Note that line 8 never causes a problem (nor should it), only line 13  
is in question.

After a quick read-through of the -Wxxx options there does not appear  
to be a separate -Wxxx option to get that particular warning.

And compiling Git with -pedantic spits out a LOT of warnings (over  
7200) even before making the "(msgid)" change so I don't think there's  
an issue as apparently -pedantic is not normally used to compile Git.

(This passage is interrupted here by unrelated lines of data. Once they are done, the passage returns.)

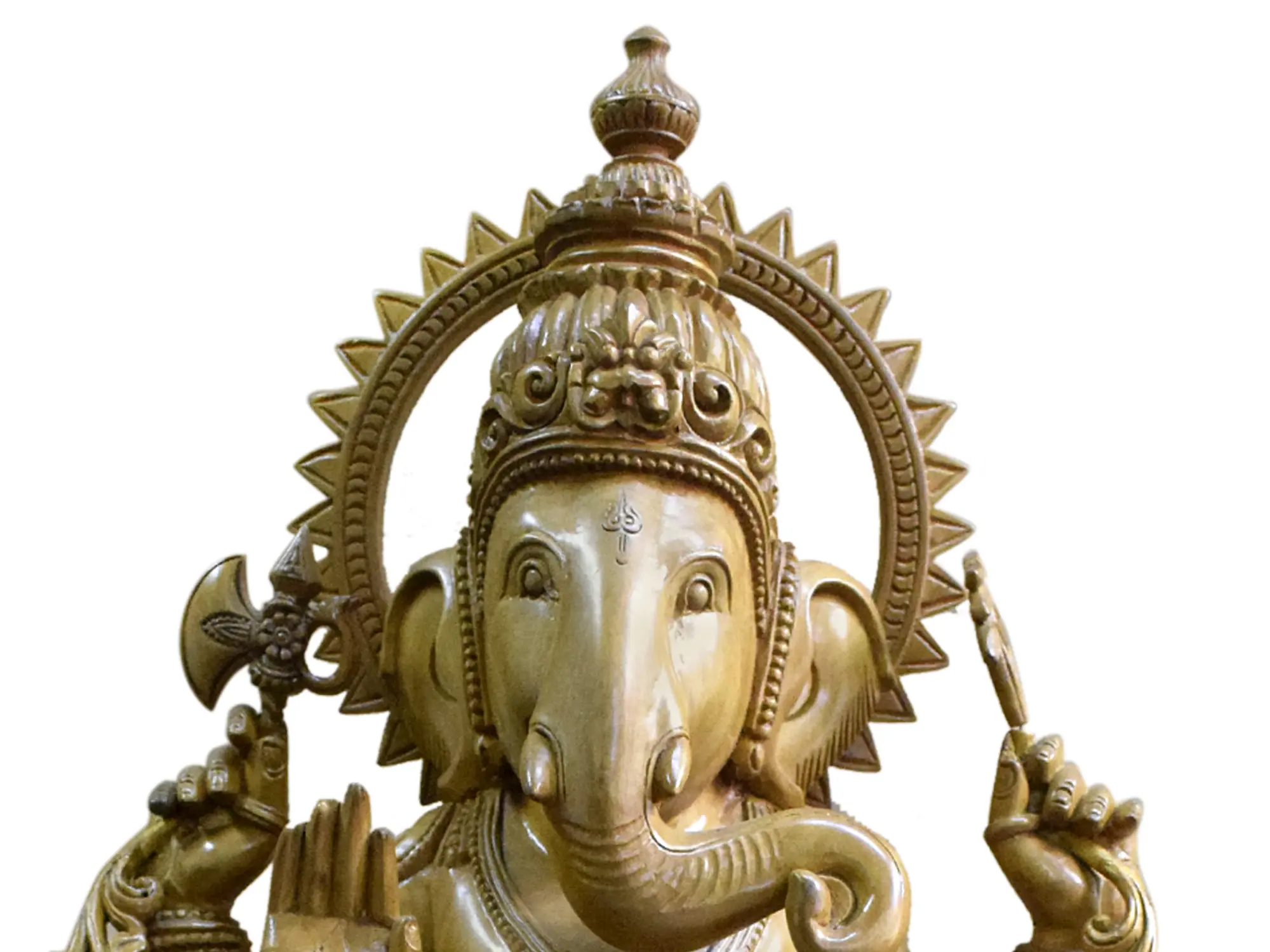 Welcome the divine presence of Bhagawan Ganapati, the beloved elephant-headed deity, into your home with this exquisite 30-inch wooden statue. Carved from the finest White Cedar wood, renowned for its resilience and beautiful grain, this masterpiece is a testament to meticulous craftsmanship and spiritual devotion. Bhagawan Ganapati, also known as Vinayaka or Ganesha, is revered as the god of beginnings, wisdom, intellect, and the remover of obstacles. He is invoked at the start of any new venture, ensuring success and prosperity.
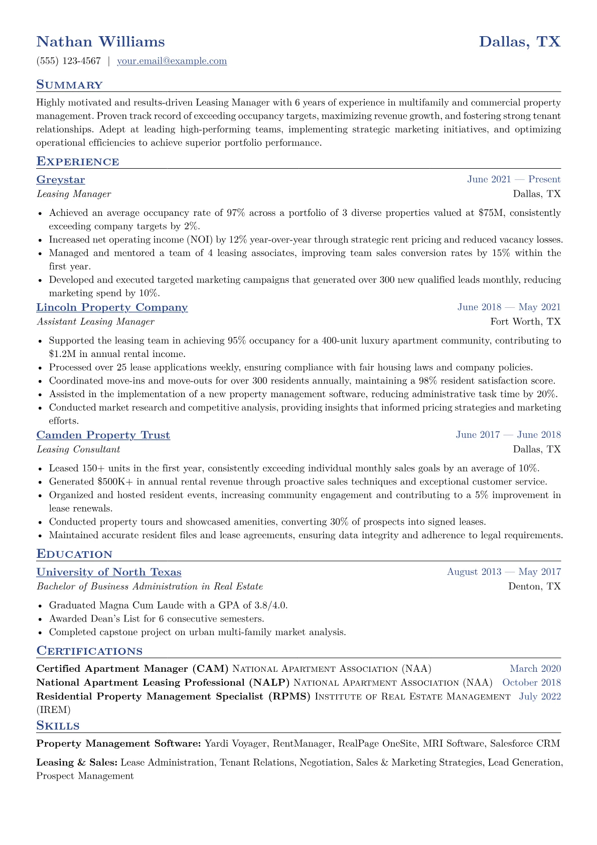 A strong Leasing Manager resume in Finance & Banking expertly highlights accomplishments in portfolio growth and financial compliance. Hiring managers specifically look for demonstrated ability to manage complex lease agreements, adhere to lease accounting standards like ASC 842, and contribute to tangible revenue generation or cost savings. Crucial achievements include quantifying portfolio value increases, reducing delinquency rates, or optimizing occupancy, alongside showcasing expertise in due diligence processes and capital expenditure analysis. Relevant certifications such as a CPM or real estate license, coupled with familiarity with industry-specific terminology like CAM charges and NPV analysis, are highly valued.
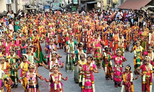 மார்கழி மாதத்தில், பெருமாள் கோவில்களில் சிறப்பு கலை மற்றும் ஆன்மிக நிகழ்வாக, திருப்பாவை பாடல்களை அடிப்படையாக கொண்டு, நாட்டிய வைபவம் நடத்தப்படுவது வழக்கத்தில் உள்ளது. இதில், பரத நாட்டிய கலைஞர்கள் திருப்பாவை பாடல்களுக்கு ஏற்ப நடனமாடி, அதன் ஆன்மிகப் பொருளை வெளிப்படுத்துகின்றனர். இந்த பரத நாட்டிய நிகழ்ச்சி, பிரசித்தம் பெற்ற மிகப்பெரிய கோவில்களில் மட்டும் நடத்தப்படுவது வழக்கம். அதன்படி, உத்திரமேரூரில் ஹிந்து சமய அறநிலையத் துறைக்கு சொந்தமான, சுந்தர வரதராஜ பெருமாள் கோவிலில் திருப்பாவை நாட்டிய வைபவ நிகழ்ச்சி நேற்று நடந்தது. இதில், நடராஜர் நாட்டியாலயா நடன கலைஞர்கள் மற்றும் பள்ளி மாணவியர் பங்கேற்று, ஆண்டாள் வேடமிட்டு ஒன்றரை மணி நேரத்திற்கு திருப்பாவையின் ஒவ்வொரு பாசுரத்தையும் நடனமாடி அசத்தினர். இந்த நடன நிகழ்ச்சி ஜாக்கி புக் ஆப் வேர்ல்டு ரெக்கார்டு புத்தகத்தில் உலக சாதனை பட்டியலில் இடம் பெற்றுள்ளது. நிகழ்ச்சியில் பங்கேற்ற நடன கலைஞர்கள் மற்றும் மாணவியர் அனைவருக்கும் விருது மற்றும் சான்றிதழ்கள் வழங்கப்பட் டன.

Note that Git will not compile with gcc using -ansi (unless you add - 
Dinline=__inline__) and the change does not cause any new warnings to  
be emitted with -ansi (after adding the needed -Dinline=__inline__)  
since -pedantic is required for the "parenthesized string constant"  
warning.

I'm not super attached to this change, it's just that it seems to me  
that translation support for Git is a scarce resource.  I'm guessing  
that when considering the 7 complete translations (bg, ca, de, fr, sv,  
vi and zh_CN) the average number of translators per language is in the  
low single digits.  So I hate to see unnecessary translation churn,  
not when it can be so easily prevented.

-Kyle

>> Although the necessary #ifdef makes the header less elegant,
>> the benefit of avoiding propagation of a translation-marking
>> error to all the translation teams thus creating extra work
>> for them when the error is eventually detected and fixed would
>> seem to outweigh the minor inelegance the #ifdef introduces.
>>
>> Signed-off-by: Kyle J. McKay <mackyle@gmail.com>
>> ---
>> gettext.h | 14 +++++++++++++-
>> 1 file changed, 13 insertions(+), 1 deletion(-)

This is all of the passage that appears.